Ama has been sick for two days now. Cuddle and do nothing all day sick. Like having a really heavy newborn sick. Fever toeing the line of an ER visit sick. I know, it’s going around.
Being trapped under my mammoth super baby with one armed access to a laptop has awarded me some time to think about things. Odd, isn’t it? Being unable to wiggle my left arm but having untethered access to the world’s knowledge on my right.
I came across the idea of unschooling after being invited to a parenting group devoted to said cause. I know, it’s far from new… but I guess it’s seeing a major revival… and it was the first I’d heard of it. I have always felt that children are innately passionate about learning and that the mass educational system maybe doesn’t do the best job in fostering that. My sister specializes in early childhood education and the Regio system, which focuses on children’s interests and is driven by the children themselves. They pick the topic themselves and the lesson plans and learning go from there. The classrooms are also decorated minimally with soothing colours and natural decor, which definitely feels like a good fit to my simplistic parenting style. My eyes were opened to the possibilities of the educational system. Opened but there wasn’t much here to see. In Vancouver, we have only a few programs that fill quickly and end when grade school starts. I have also been interested in Indigo schools, but again, I can’t find one here in Vancouver.
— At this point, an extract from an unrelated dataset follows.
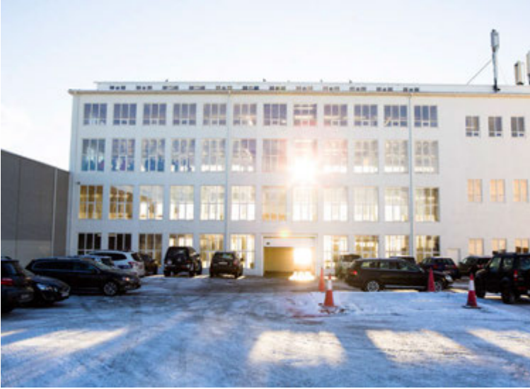
Bygging síldarverksmiðjunnar var að hluta til fjármögnuð með Marshall-aðstoð Bandaríkjanna eftir seinni heimsstyrjöld og þaðan er nafnið komið. Húsið mun lifna við í haust þegar Nýlistasafnið, Kling og bang og Ólafur Elíasson myndlistarmaður hefja þar starfsemi.

I take Ama to StrongStart every now and again. I think it’s a great program and the teachers are lovely. Lovely, but not who I want to be raising my child. I like to treat Ama as my equal, and I think she responds well to it. Of course, I have well outlined boundaries, as I do with any other human being. There are consequences. But I see my job as a ambassador more than police escort. This is not a feasible approach when you’re locked in a room of 30 children. I’d sure break out the handcuffs. Do not get me wrong – I personally do not know any teachers who are anything less than remarkable human beings. And if I could handpick my teachers based on my teacher friends and family, I would be in heaven. The way that I have seen Kendra, Heather or Sonia interact with Ama has inspired my own view for sure. But not everyone is Heather, Kendra or Sonia. I’m sure not. Most are underpaid, under appreciated and out numbered. I wouldn’t hold up in that situation.
I also feel a little bit like children are the last culturally acceptable people to be abusive to. I try not to speak to Ama with any less respect than I speak to my mother. I am afraid of the culturally acceptable way adults might treat her… especially adults that are with her more hours in a day then me. How might that affect her?
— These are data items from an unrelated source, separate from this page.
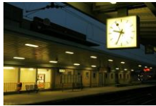
في محطة القطار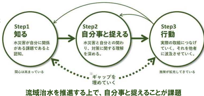
流域治水を推進する上で、自分事と捉えることが課題

水災害から自身を守ることからさらに視野を広げて、地域、流域の被害や水災害対策の全体像を認識し、自らの行動を深化させることで、流域治水の取り組みを推進する。 ※流域治水に取り組む主体を増やす(自分のためにから、みんなのために)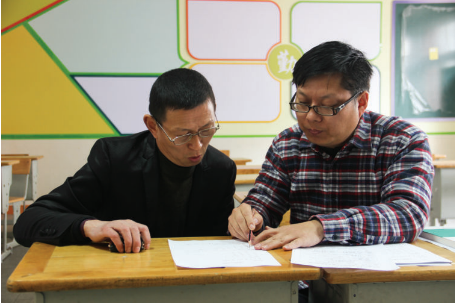
调查现场,2016年

Or siting immobile in a chair all day… without the same (be it still not enough) emphasis on real life learning, physical education or art that I had.
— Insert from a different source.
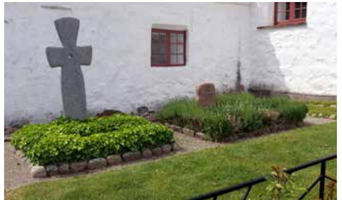
Bregninge Kirkegård.

I also looked up some impressive stats on home schooled children. The whole socialization thing isn’t a concern for me any who. Ama and I could choose programs together and develop a community of friends her age, older and younger, at a home schooling group. Of course, the stats for unschooled children (children who receive no structured education) also factor in and would likely bring the overall score down since these children tend to rate lower on conventional tests for obvious reasons… so it makes me feel better about even considering it.